PROBLEM DETAILS:
Once the pictures are set aside, repeat all of the data below exactly.
Start of MATERIAL PROVIDED
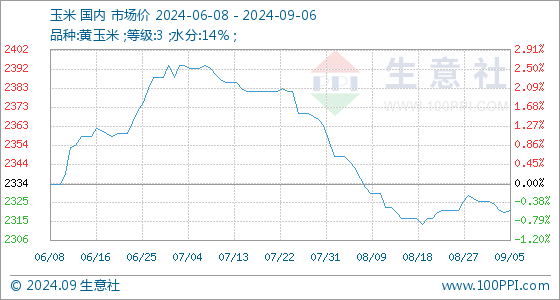 9月6日生意社玉米基准价为2321.43元/吨
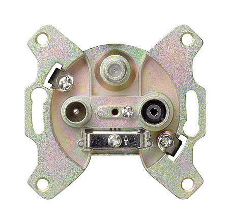 Einsatz Antennensteckdose (FS 302 F) Merkmale: - Mit drei Anschlüssen als Enddose verwendbar. - Einsatz in Einzelantennenanlagen, hinter einem Multischalter oder an einer entkoppelten Stichleitung. - Der Anschluss für den Satelliten-Receiver ist als F-Buchse ausgeführt. Über diesen ist auch die Gleichspannungsübertragung (max. DC 24 V 500 mA) zu einer Satellitenantenne möglich. Hinweise : - Nur für Schraubbefestigung. - Achtung! Bauraum für Stecker und Biegeradien beachten. - Bei Einsätzen mit Kupplungen beachten: Nicht für Kanalinstallation und Standard-Gerätedose geeignet. Anschluss mit Winkelsteckern empfohlen. - Installationsempfehlung: Kaiser Elektronic-Dosen Unterputz-Montage: Kaiser Best.-Nr.: 1068-02 Hohlwandmontage: Kaiser Best.-Nr.: 9062-94 Betoninstallation: Kaiser Best.-Nr.: 1268-40| Hersteller / Marke | GIRA |
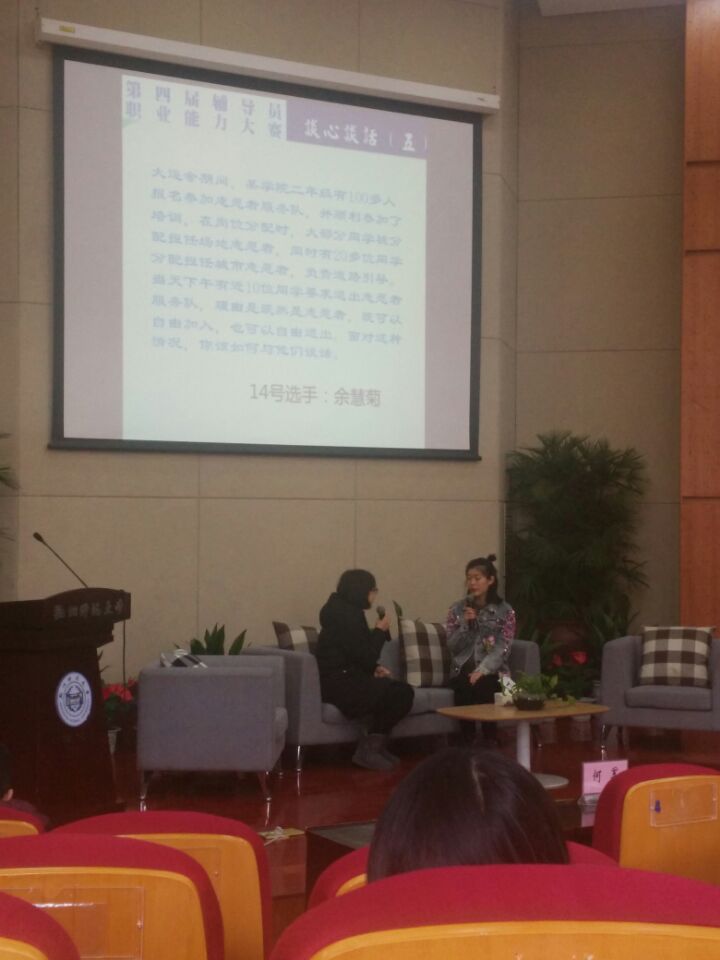 第四届辅导员职业能力大赛分为初赛和复赛。初赛全校辅导员参与,根据笔试成绩排名确定决赛名单。复赛分为案例分析、主题演讲和谈心谈话。在复赛现场,余慧菊老师和孔祥亮老师凭借自己的专业优势和积累的工作经验,精准分析学生问题,流利表达观点立场,适时适度对学生开展引导,给现场的评委和观众留下了深刻的印象。
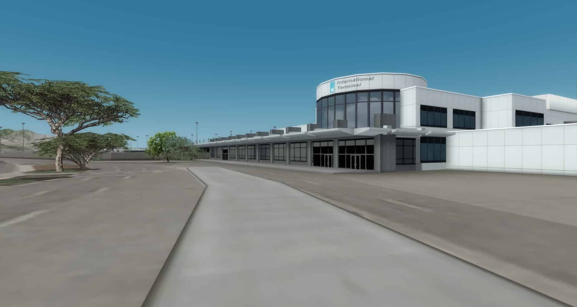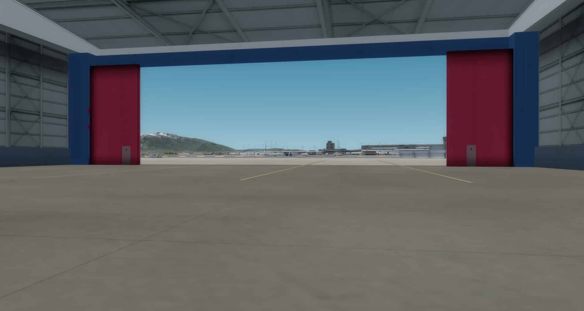 Zeit, den Flughafen mal im Detail zu betrachten – die Umgebung und ein paar weitere Flugideen kommen später. Weil neulich die Diskussion über Fotos in Reviews aufkam ein paar Informationen zu meinem Workflow: ich nutze sehr gern Orbx’s kostenloses Addon „BOB“, mit dem man zu Fuß die Gegend erkunden kann, um Fotos zu machen – so ist nämlich kein störendes Cockpit oder Flugzeugmodell zu sehen. Und idealerweise schwebe ich damit per Grobverstellung über die Szenerie. Bilder kommen direkt aus dem Simulator über die V-Taste, Videos aus nVidia’s Shadowplay. Beides geht durch FFMEG zur Komprimierung, und die Wahl des Bildausschnitts mache ich über Aperture auf dem Mac. Deshalb haben meine Bilder auch immer so krumme Auflösungen, denn aus den 1920×1080-Bildern müssen ja noch Fensterrahmen, Textinformationen und dergleichen entfernt werden. Neben dem Beschneiden bearbeite ich nicht nach.
End of MATERIAL PROVIDED
SOLUTION FOR THIS EXERCISE:
 9月6日生意社玉米基准价为2321.43元/吨
 Einsatz Antennensteckdose (FS 302 F) Merkmale: - Mit drei Anschlüssen als Enddose verwendbar. - Einsatz in Einzelantennenanlagen, hinter einem Multischalter oder an einer entkoppelten Stichleitung. - Der Anschluss für den Satelliten-Receiver ist als F-Buchse ausgeführt. Über diesen ist auch die Gleichspannungsübertragung (max. DC 24 V 500 mA) zu einer Satellitenantenne möglich. Hinweise : - Nur für Schraubbefestigung. - Achtung! Bauraum für Stecker und Biegeradien beachten. - Bei Einsätzen mit Kupplungen beachten: Nicht für Kanalinstallation und Standard-Gerätedose geeignet. Anschluss mit Winkelsteckern empfohlen. - Installationsempfehlung: Kaiser Elektronic-Dosen Unterputz-Montage: Kaiser Best.-Nr.: 1068-02 Hohlwandmontage: Kaiser Best.-Nr.: 9062-94 Betoninstallation: Kaiser Best.-Nr.: 1268-40| Hersteller / Marke | GIRA |
 第四届辅导员职业能力大赛分为初赛和复赛。初赛全校辅导员参与,根据笔试成绩排名确定决赛名单。复赛分为案例分析、主题演讲和谈心谈话。在复赛现场,余慧菊老师和孔祥亮老师凭借自己的专业优势和积累的工作经验,精准分析学生问题,流利表达观点立场,适时适度对学生开展引导,给现场的评委和观众留下了深刻的印象。
 Zeit, den Flughafen mal im Detail zu betrachten – die Umgebung und ein paar weitere Flugideen kommen später. Weil neulich die Diskussion über Fotos in Reviews aufkam ein paar Informationen zu meinem Workflow: ich nutze sehr gern Orbx’s kostenloses Addon „BOB“, mit dem man zu Fuß die Gegend erkunden kann, um Fotos zu machen – so ist nämlich kein störendes Cockpit oder Flugzeugmodell zu sehen. Und idealerweise schwebe ich damit per Grobverstellung über die Szenerie. Bilder kommen direkt aus dem Simulator über die V-Taste, Videos aus nVidia’s Shadowplay. Beides geht durch FFMEG zur Komprimierung, und die Wahl des Bildausschnitts mache ich über Aperture auf dem Mac. Deshalb haben meine Bilder auch immer so krumme Auflösungen, denn aus den 1920×1080-Bildern müssen ja noch Fensterrahmen, Textinformationen und dergleichen entfernt werden. Neben dem Beschneiden bearbeite ich nicht nach.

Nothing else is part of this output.